Ever tried to see how high one of your posts ranks in Google search? Or tried to find out which articles come up on the front page for a particular search? Or even just Googled yourself (it’s ok, we’ve all done it)?
If you answered yes to any of those questions, you’ve already encountered a situation where using Private browsing can make a huge difference.
Why Use Private Browsing?
The reason is pretty simple: If you’re not using a Private browsing window, all your results are skewed. Why? Search engines like Google use what they know about you to tailor the results they show you.
This is normally helpful, & less creepy than it sounds. Curated results mean Google can surface links or show you Google Shopping products you actually care about.

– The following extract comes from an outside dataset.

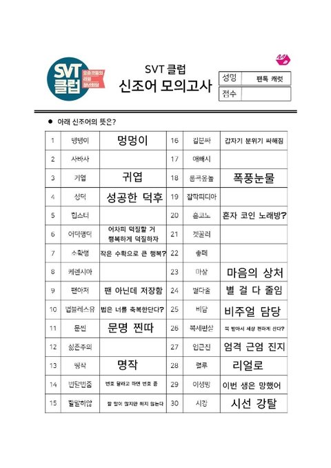 나 풀어봤는데 엄청 어려워ㅋㅋㅋㅋ 그냥 추측한 건 뒤에 ?랑 붙여놨거든. 확실히 아는 건 반정도인듯! 나머지 아는 캐럿 있어? 심심한데 같이 풀자

But nice as that is when you’re shopping for yourself, it’s counterproductive if you want to know what the average searcher gets back when they look for a product, your site, etc.
Notes On Opening Private Browsing Windows in Chrome, Safari, Etc.
All the most common internet browsers have Private Browsing (Chrome, Safari, Firefox, & Internet Explorer), so you have plenty of options!
My only caveat is that the Private Browsing feature’s name varies from browser to browser; Chrome calls it an ‘Incognito Window’ while Internet Explorer uses ‘InPrivate Browsing’, for example.
Also slightly annoying? Each browser has a different way of turning on Private Browsing. The mobile apps are usually totally different from the desktop versions, too.
Clearly, Bill Gates & Sergey Brin need to grab a coffee & work things out, but until they do…
How To Open Private Browsing Windows In Your Browser
In Chrome, the Incognito Window feature is in the top menu bar under ‘File’. If you click ‘File’, you should see a ‘New Incognito Window’ option in the dropdown menu. Click that & a new window with a background that says ‘you’ve gone incognito’ should appear. Congratulations — you’re browsing privately!
In the Chrome app on your phone, tap the ‘More’ icon in the top right corner (it looks like three gray dots on top of one another). Then just tap ‘New Incognito Tab’. If a window opens with a little gray icon that looks like a fedora with glasses underneath, you’re browsing privately.
You can also open any link in an Incognito Tab by long-tapping (aka keeping your finger on a link) until a menu pops up with the ‘Open in Incognito Tab’ option.
In Firefox, just click ‘File’ in the menu bar at the top of your screen, then choose ‘New Private Window’ from the dropdown. You should have a new window open with a background that says ‘you’re browsing privately’. You can always identify a private window in Firefox because the favicon in the top lefthand corner of your tabs will be a little Phantom of the Opera mask.
Tap the three gray dots icon at the top right of the screen, then tap the option that says ‘New Private Tab’.
Firefox also makes it convenient to open links in a Private Tab. Keep your finger on any link for a couple of seconds & a menu should pop up with the option ‘Open link in Private Tab’.
In Safari, go up to menu at the top of your screen & choose ‘File’, then click on the ‘New Private Window’ option in the dropdown list. A new window should pop up with a caption at the top that says ‘private browsing enabled’. You did it!
In the Safari app, tap on the New Window icon in the bottom right corner of your screen (it looks like two overlapping blue squares). A bar should appear at the bottom of your screen with the word ‘Private’ on the left. Tap that & you should be browsing privately. Tap the plus sign in the bottom center of the screen to open a new tab & go about your business.
Internet Explorer calls its version of the feature ‘InPrivate Browsing’, & there are three different ways to get to it in Windows 10. The easiest option is probably just going to the ‘New Tab’ page & choosing ‘InPrivate Browsing’ there, but you can also open it up by hitting Ctrl+Shift+P on your keyboard or by selecting ‘InPrivate Browsing’ from the ‘Safety’ menu.